BRIEF:
Since the listing below shows pictures, leave them out and write out exactly the lines from the line with "SM好きなら最高のセット!ク" to the line with "et 14:00-17:30 |", both included, and no others.

THE DATA:
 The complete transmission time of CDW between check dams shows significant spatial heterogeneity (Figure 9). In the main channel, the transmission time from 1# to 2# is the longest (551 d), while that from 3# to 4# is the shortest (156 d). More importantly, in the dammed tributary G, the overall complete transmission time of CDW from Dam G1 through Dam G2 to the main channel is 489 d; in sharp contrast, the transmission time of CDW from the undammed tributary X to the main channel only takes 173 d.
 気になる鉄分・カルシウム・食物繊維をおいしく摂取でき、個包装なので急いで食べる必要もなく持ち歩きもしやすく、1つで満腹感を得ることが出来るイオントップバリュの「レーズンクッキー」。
==
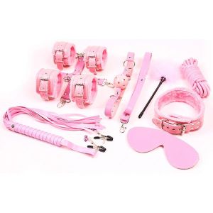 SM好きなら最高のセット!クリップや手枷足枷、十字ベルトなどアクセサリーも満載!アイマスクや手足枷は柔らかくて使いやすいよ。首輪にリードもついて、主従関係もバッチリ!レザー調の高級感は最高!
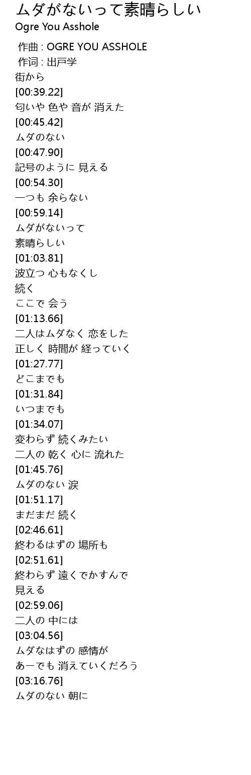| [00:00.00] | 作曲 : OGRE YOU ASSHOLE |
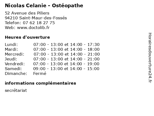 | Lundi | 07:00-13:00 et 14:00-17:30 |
==
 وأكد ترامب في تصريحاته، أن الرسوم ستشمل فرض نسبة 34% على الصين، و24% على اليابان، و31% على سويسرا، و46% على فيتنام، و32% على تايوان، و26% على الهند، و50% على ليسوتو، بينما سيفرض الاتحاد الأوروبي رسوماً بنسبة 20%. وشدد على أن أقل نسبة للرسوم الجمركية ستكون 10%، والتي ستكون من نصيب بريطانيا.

EXERCISE RESPONSE:
 SM好きなら最高のセット!クリップや手枷足枷、十字ベルトなどアクセサリーも満載!アイマスクや手足枷は柔らかくて使いやすいよ。首輪にリードもついて、主従関係もバッチリ!レザー調の高級感は最高!
| [00:00.00] | 作曲 : OGRE YOU ASSHOLE |
 | Lundi | 07:00-13:00 et 14:00-17:30 |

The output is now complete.